I get that it’s not always possible to eat your own food when you’re out, especially if it’s a cold wet day and you’re on foot. But quite often there’s a nice opportunity to sit on a park bench all wrapped up and tuck into your lunch, eating more healthfully and saving money. You’re also getting a few moments out from your hectic schedule, a chance to eat mindfully and be nature too, (unless you’re stuck in the office or on a bus that is).
So doesn’t all this take huge amounts of headspace to plan and time to prepare?

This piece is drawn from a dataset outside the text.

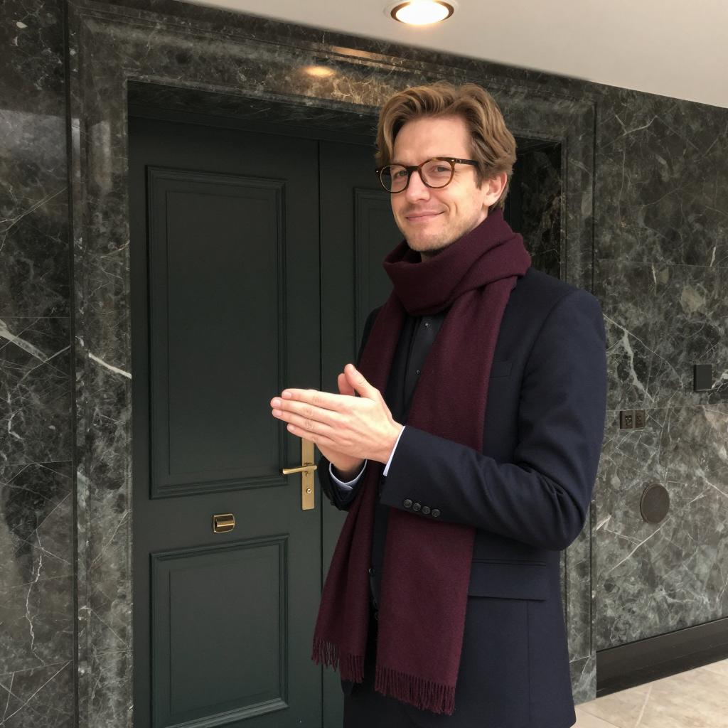 Man with light brown hair, wearing dark suit, maroon scarf, and glasses, stands in front of a dark green marble door. He holds his hands together, smiling slightly. The background features dark green marble walls and a lit ceiling light. The setting is an indoor hallway.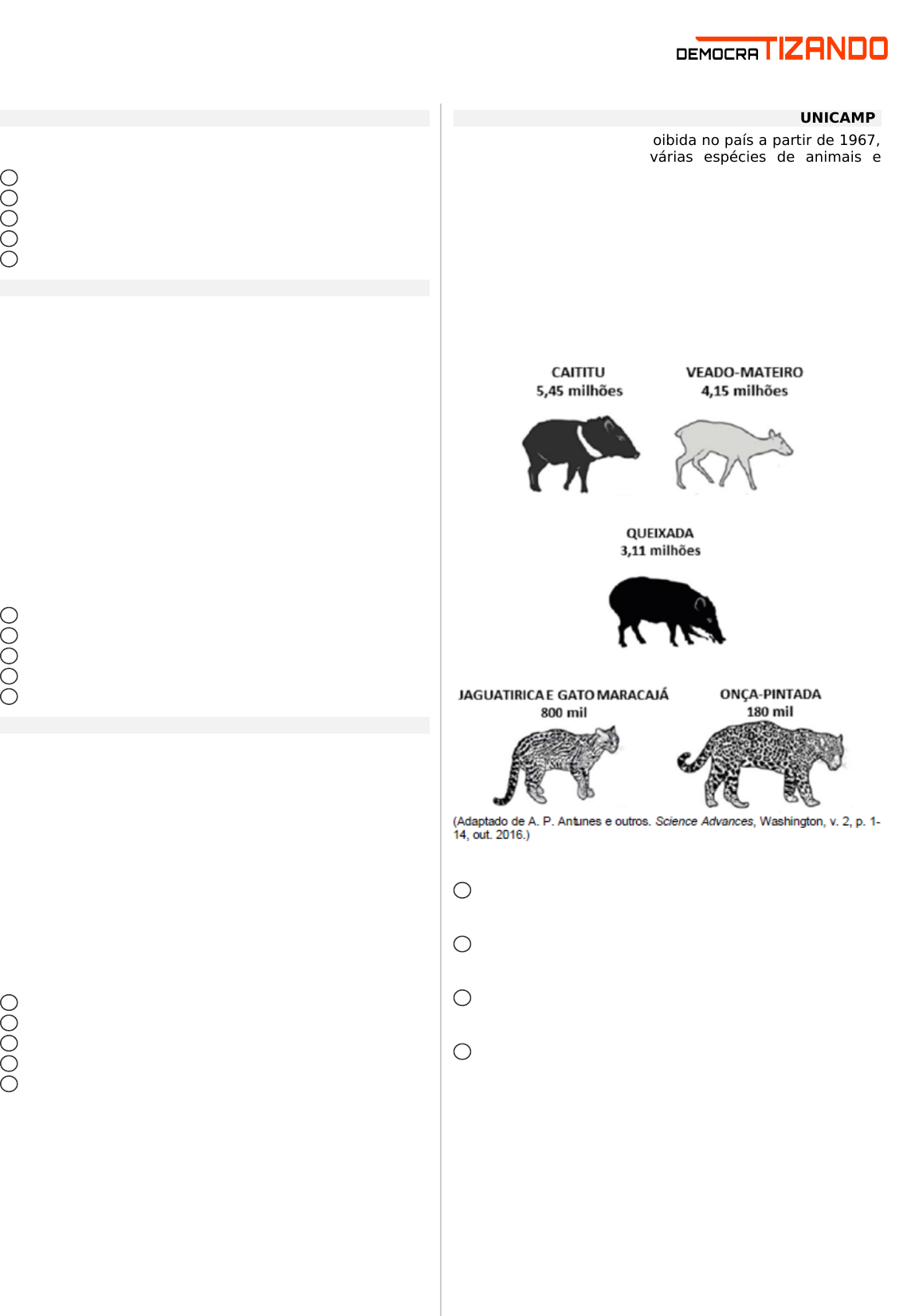 <p>Simulado 158 questões</p><p>IFSudMinas</p><p>a</p><p>b</p><p>c</p><p>d</p><p>e</p><p>Questão 1</p><p>Marque a alternativa que apresenta o exemplo CORRETO</p><p>das relações ecológicas e os respectivos seres vivos.</p><p>Predatismo - serpentes e ratos</p><p>Parasitismo - orquídeas e árvores</p><p>Protocooperação - lombrigas e seres humanos</p><p>Canibalismo - cães e gatos</p><p>Inquilinismo - árvores e erva de passarinho</p><p>FMJ</p><p>a</p><p>b</p><p>c</p><p>d</p><p>e</p><p>Questão 2</p><p>Quando uma cidade despeja lixo produzido no ambiente,</p><p>constitui-se uma das mais graves agressões ao meio.</p><p>Analise as frases relativas a esse assunto.</p><p>I. O lixo depositado a céu aberto acaba atraindo insetos e</p><p>servindo de fonte de alimento e esconderijo para roedores.</p><p>II. A decomposição do lixo orgânico leva à produção de</p><p>metano que, além de ligar-se de forma irreversível à</p><p>hemoglobina, também é um gás que contribui para o</p><p>efeito estufa.</p><p>III. O chorume líquido proveniente da compostagem pode</p><p>contaminar águas subterrâneas.</p><p>IV. A compostagem é um processo no qual restos orgânicos</p><p>sofrem ação de microorganismos anaeróbicos, uma vez</p><p>que macromoléculas devem ser quebradas na ausência</p><p>total de oxigênio.</p><p>Está correto o contido apenas em</p><p>I e II.</p><p>I e III.</p><p>I e IV.</p><p>II e III.</p><p>III e IV.</p><p>UFPR</p><p>a</p><p>b</p><p>c</p><p>d</p><p>e</p><p>Questão 3</p><p>Para atrair potenciais polinizadores, as plantas comumente</p><p>armazenam néctar nas suas flores em estruturas</p><p>específicas chamadas de nectários. Contudo, várias</p><p>espécies de plantas também podem apresentar nectários</p><p>longe das flores, os chamados “nectários extraflorais”.</p><p>Essas estruturas podem ser encontradas em vários locais,</p><p>como folhas e brotos. Durante a sua procura por alimento,</p><p>formigas se deparam com esses nectários, passam a se</p><p>alimentar do néctar produzido, a eles retornando</p><p>repetidamente. Durante essa atividade, as formigas</p><p>acabam patrulhando essas plantas e defendendo-as contra</p><p>potenciais herbívoros, como lagartas e percevejos.</p><p>Esse tipo de interação entre formigas e plantas com</p><p>nectários extraflorais pode ser categorizado como:</p><p>epifitismo.</p><p>mutualismo.</p><p>colonialismo.</p><p>predação.</p><p>parasitismo.</p><p>UNICAMP</p><p>a</p><p>b</p><p>c</p><p>d</p><p>Questão 4</p><p>A caça, que passou a ser proibida no país a partir de 1967,</p><p>reduziu a população de várias espécies de animais e</p><p>contribuiu para o risco de desequilíbrio ambiental. Entre</p><p>1904 e 1969, estima-se que foram mortos pelo menos 20</p><p>milhões de animais silvestres nos Estados de Rondônia,</p><p>Acre, Roraima e Amazonas. A caça ilegal de animais</p><p>silvestres e a falta de fiscalização efetiva em áreas de</p><p>proteção ambiental alertam para a necessidade de</p><p>conservação das espécies.</p><p>(Adaptado de A. Julião e R. Zorzetto. Pesquisa Fapesp, São</p><p>Paulo, v. 249, p. 46-51, nov. 2016.)</p><p>A figura a seguir indica o número total de animais</p><p>terrestres mortos no período de 1904 a 1969.</p><p>Considerando os conhecimentos sobre biologia e as</p><p>informações fornecidas, é possível concluir que</p><p>o impacto da caça dos mamíferos carnívoros na teia</p><p>alimentar é menor que o da caça dos mamíferos</p><p>herbívoros.</p><p>a função ecológica dos grandes mamíferos caçados é</p><p>substituída pela de animais endêmicos de pequeno porte,</p><p>mantendo-se o equilíbrio do ecossistema.</p><p>a caça proporcional dos mamíferos herbívoros e</p><p>carnívoros mantém o fluxo de energia estável na teia</p><p>alimentar.</p><p>a caça dos grandes mamíferos altera a renovação da</p><p>floresta, pois eles desempenham um papel fundamental na</p><p>dispersão de sementes grandes.</p><p>UNICENTRO</p><p>a</p><p>b</p><p>c</p><p>d</p><p>e</p><p>Questão 5</p><p>As bactérias do gênero Rhizobium associam-se às raízes</p><p>de algumas plantas. Tais organismos vivem normalmente</p><p>no solo, onde alcançam o sistema radicular de</p><p>leguminosas jovens e penetram, através dos pelos</p><p>absorventes, instalando-se finalmente nos tecidos corticais</p><p>das raízes.</p><p>Essas bactérias têm grande importância na natureza, pois</p><p>atuam de forma singular, na decomposição da matéria</p><p>orgânica morta presente no solo, além de consumir o</p><p>excesso de CO2 do solo.</p><p>são aquelas que ao converter nitrito em nitrato,</p><p>processo denominado de nitratação, libera nitratos para o</p><p>solo, que podem ser absorvidos pelas plantas.</p><p>fazem parte do grupo das bactérias anaeróbias que</p><p>utilizam nitratos em vez de oxigênio no processo</p><p>respiratório, eliminado o excesso desse composto no solo.</p><p>funciona como um verdadeiro adubo vivo, ao fixar N2</p><p>atmosférico, transformando-o em sais nitrogenados, que</p><p>serão utilizados pelas plantas.</p><p>absorvem os íons amônio em excesso do solo,</p><p>oxidando-os e, com a energia liberada, fabricam</p><p>compostos orgânicos por quimiossíntese, além de</p><p>consumir o excesso de CO2 do solo.</p><p>UERN</p><p>a</p><p>b</p><p>c</p><p>d</p><p>Questão 6</p><p>O esquema a seguir representa uma</p><p>teia alimentar, em que a serpente ocupa três níveis</p><p>tróficos.</p><p>cadeia alimentar, em que a coruja se apresenta como</p><p>consumidor secundário ao comer o lagarto.</p><p>teia alimentar, em que a serpente comporta-se</p><p>somente como consumidor terciário e quaternário.</p><p>cadeia alimentar, em que existem dois consumidores</p><p>primários e quatro consumidores secundários.</p><p>USS</p><p>a</p><p>b</p><p>c</p><p>d</p><p>Questão 7</p><p>Observe a teia alimentar terrestre representada abaixo.</p><p>Sabe-se que a perda de uma espécie provoca efeitos em</p><

As with pretty much anything new, it takes a while to adjust. There can be a massive effort initially, but once the habit is set it doesn’t take loads of willpower or time. Soon it simply becomes part of your daily routine.
A few things can really help you along the way, such as kitting out your cupboards with some travel-friendly storage items and decent re-usable containers. Yes, these things do have an initial cost, but they often seem like great value after years of regular use.
I also have cheaper things I use/re-use – one of son’s snack containers is actually a glass Neal’s Yard cream pot enjoying its second lease of life! Sometimes I get a box of 3 little glass jars (Kilner style) with sealable lids, which are great for things like yogurt in school lunch boxes (better for older children for obvious reasons).
I use other random jars in place of tupperware where I can, and my old coconut oil jars come in handy to store my goats kefir or a batch of pancake mixture.
Another factor that helps me to be more productive is bulk preparation. Whether it be cooking more than I need and putting a few days worth in the fridge or freezer. Or soaking a huge batch of nuts and seeds, drying them out and storing them in bags to refill my jars or snack pots with. I love having everything on hand when I want to use it.
A well organised kitchen
Having my dry food stored in jars work well for me. No reaching to the back of cupboard, dragging out a plastic bag which has been badly secured with an elastic band that then explodes tiny grains of quinoa, as you try to navigate your way out of an over filled cupboard. Yes, I speak from much experience on this one!
On the top of my kitchen cupboards, I keep a big basket with all my refills of spices, nut butter, and bags of nuts and seeds.
On the worktop, I have some smaller jars (my old miso ones were the perfect size). They contain the things I use every day. It’s handy if they are right in front of me and also reminds me to use them. At the moment I have turmeric, chia seeds, seaweed, a mix of activated pumpkin seeds and hemp seeds for sprinkling, almonds and brazil nuts (again these have been soaked and dried out). This is also where I keep my coconut oil, tamari, black pepper, salt and the vitamins that I sneak into my son’s drinks.
This year I finally got my spices organised thanks to my ‘efficiency guru’ (otherwise known as my Significant Other).
He bought himself some nice empty jars and lids, and went to the impressive effort of printing out his own labels for them. Now he has probably the best looking spice draw in the country!
I’m not suggesting everyone goes to these great lengths to organise your spices, just that it really does help to have things at hand in a way that you can get to them easily and use them with minimal effort.
Preparation Is Priceless
If you’re not already doing this kind of thing and you like the idea of it, but the prospect is perhaps a little overwhelming, have no fear. Yes, it will take some time and possibly money to set yourself up, create new habits and kit out your kitchen so it works really well for you. It is of course, in my humble opinion, well worth all the effort. You don’t have to do it all at once either.
To pardon the cliché – “The journey of a thousand miles begins with a single step”.
Or one of our family mottos, “Every day, chip away.”